Antibiyotikler bulunmadan önce dünyamız varolmaya devam ediyordu ancak ilk antibiyotik bulunduktan sonra daha fazla antibiyotik bulabilmek için inanılmaz bir yarış başladı. Penisilin ve streptomisinin her ikisi de bir tür mantardan elde edildiğinden yeni antibiyotik türleri bulabilmek için doğal olarak oluşan bakteriler üzerine olan odak arttı. Bir tür antibiyotik olan tetrasiklin de işte bu çalışmalar sonucunda ortaya çıktı.
Araştırma grupları dünya üzerinde bakterilerin yetişebileceği her yere bakıyordu ancak astinomisetler adı verilen organizmaların yaşadığı toprakta bulunan bir tür mantar üzerinde yapılan çalışmalar umut vadediyordu. Lederle Laboratuvarları adı verilen bir kuruluş, günümüzde artık kullanılmayan bir antibiyotik olan aureomisin parçalarına bazı toprak örneklerinde rastladı. Pfizer da bu laboratuvarının izinden gitti ve aureomisin kadar az bulunan bir antibiyotik olan terramisin üzerine odaklandı. Hem aureomisin hem de terramisin geniş bir alanda kullanılabilen birer antibiyotik olmakla birlikte hem gram-pozitif hem de gram-negatif bakterileri kapsamaktadır. Bu sebeple bilim insanları bu antibiyotiklerin nasıl çalıştığına yönelik yapılan araştırmalara büyük bir ilgi gösterdi.

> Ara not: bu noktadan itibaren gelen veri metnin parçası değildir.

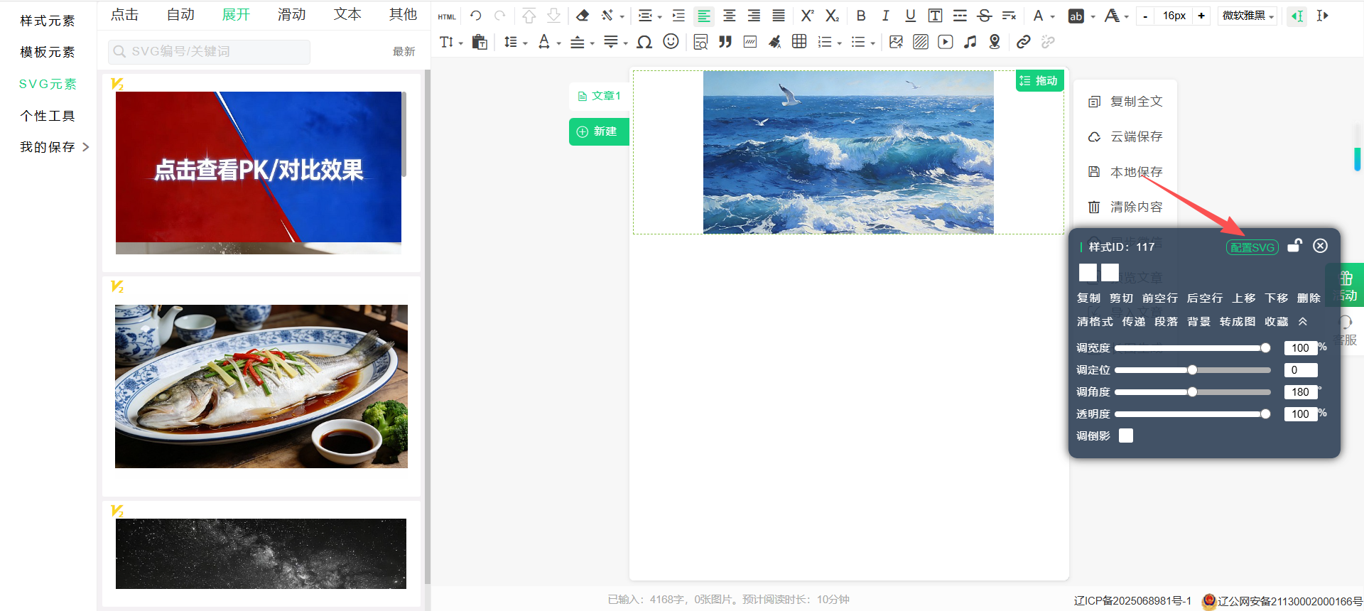 4:点击选中的svg特效,右侧会弹出样式工具条并点击配置svg按钮

Lloyd Conover (d. 1923), 1955 yılında aktinomisetlerden üretilen antibiyotikler üzerinde çalışırken önemli bir buluşa imza attı. Conover, bu antibiyotiklerin terramisinden üretilen antibiyotiklere benzer bir yapıya sahip olduğunu keşfetti. Tetrasiklin adı verilen bu yeni kimyasal, doğada meydana gelen bir maddenin değiştirilerek daha gelişmiş bir ilaç üretilebilmesine olanak sağlayan ilk kimyasal oldu. Çalışmalar sonucunda ortaya çıkan bu kimyasal ve ondan elde edilen doksisilin ve minoksilin günümüzde pek çok hastalığın tedavisinde kullanılan birer antibiyotik olarak kullanılmaya devam etmesine rağmen günümüzde gereğinden fazla kullanılan antibiyotikler pek çok bakterinin antibiyotiklere karşı direnç kazanmasına neden oluyor.